## YOUR INSTRUCTIONS
Would you transcribe exactly the lines from the one containing "本建筑鄰近中庭兩側均布置斜柱" to the last line of the data below, both ends included, but none of the pictures?

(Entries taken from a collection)
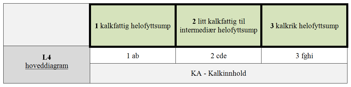 Helofyttvegetasjonen blir i mindre grad influert av miljøgradienter som bestemmer vannets egenskaper enn den øvrige vannvegetasjonen, bortsett fra ytre deler av helofyttbeltet der vannkvaliteten (særlig humusinnholdet) setter grenser for hvor dypt planter kan vokse. De viktigste miljøvariablene som påvirker helofyttvegetasjonen er knyttet til sedimentenes egenskaper; kornstørrelsesfordeling og innhold av organisk materiale. Tettheten og tilgroingshastigheten av helofytter er størst i næringsrike områder (Mjelde 1986). Endringer i vannstands- og vannføringsforholdene ved regulering har vel så stor innvirkning på helofyttene som på vannplantene (Rørslett 1984, Hellsten 2001, Mjelde et al. 2013). På bakgrunn av tilgjengelig informasjon, er kalkinnhold (KA) tentativt inkludert som hLKM for L4, mens øvrige miljøegenskaper som er kjent for å kunne forklare noe av variasjonen i artssammensetning innenfor helofytt-dominert ferskvannsnatur, S3, IO og HU, er inkludert som uLKM. Den foreslåtte hovedtypetilpassete trinninndelingen av KA er harmonisert med trinndelingen av KA i L2 Eufotisk limnisk sedimentbunn.
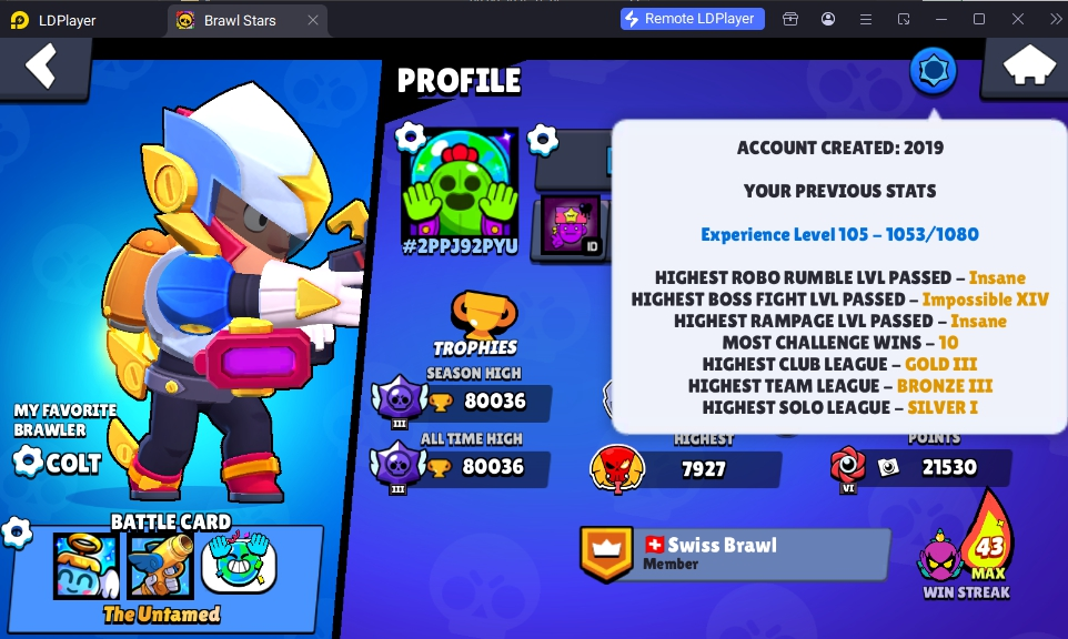 279 SKINS 💯 80.032 TROPHIES 🏆 95 BRAWLERS 🐼 28 HYPERCHARGED 🩸 30 MAX BRAWLERS 💛 LAMBENT MORTIS 🧡 ONI KENJI 🧡 UNO CHESTER 🧡 TRUANT PENNY 🧡 UDERWORLD BO  💯
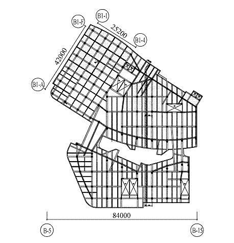 本建筑鄰近中庭兩側均布置斜柱,各結構單元內斜柱占所有柱子比例均小于12%。在正常使用狀態下,各單元的斜柱拉梁拉力均小于100kN。經過核算,與不考慮梁受拉裂縫(詞條“裂縫”由行業大百科提供)驗算相比,為滿足斜柱拉梁裂縫要求,需要增加鋼筋用量10%左右。
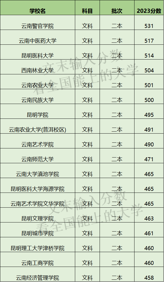 昆明二本大学有云南警官学院、昆明医科大学、云南师范大学。本文将为大家奉上昆明市内所有的二本大学2023年的招生录取分数线排名汇总,供2024年昆明高考生查阅!
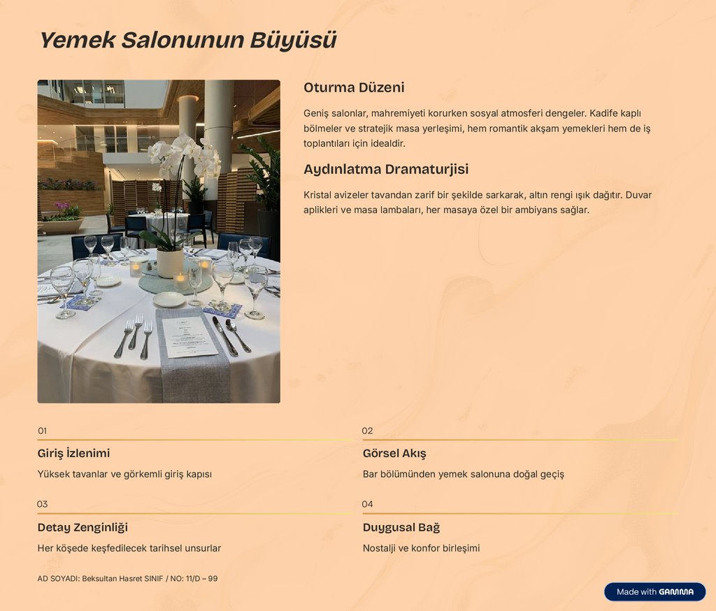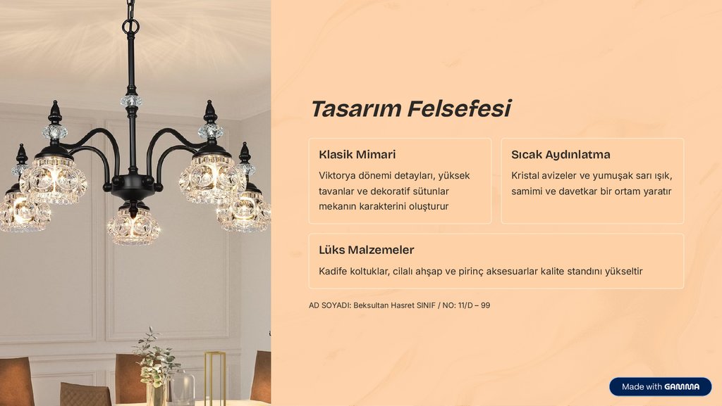 aplikleri ve masa lambalar1, her masaya özel bir ambiyans sa lar.

## WRITTEN SOLUTION
 本建筑鄰近中庭兩側均布置斜柱,各結構單元內斜柱占所有柱子比例均小于12%。在正常使用狀態下,各單元的斜柱拉梁拉力均小于100kN。經過核算,與不考慮梁受拉裂縫(詞條“裂縫”由行業大百科提供)驗算相比,為滿足斜柱拉梁裂縫要求,需要增加鋼筋用量10%左右。
 昆明二本大学有云南警官学院、昆明医科大学、云南师范大学。本文将为大家奉上昆明市内所有的二本大学2023年的招生录取分数线排名汇总,供2024年昆明高考生查阅!
 aplikleri ve masa lambalar1, her masaya özel bir ambiyans sa lar.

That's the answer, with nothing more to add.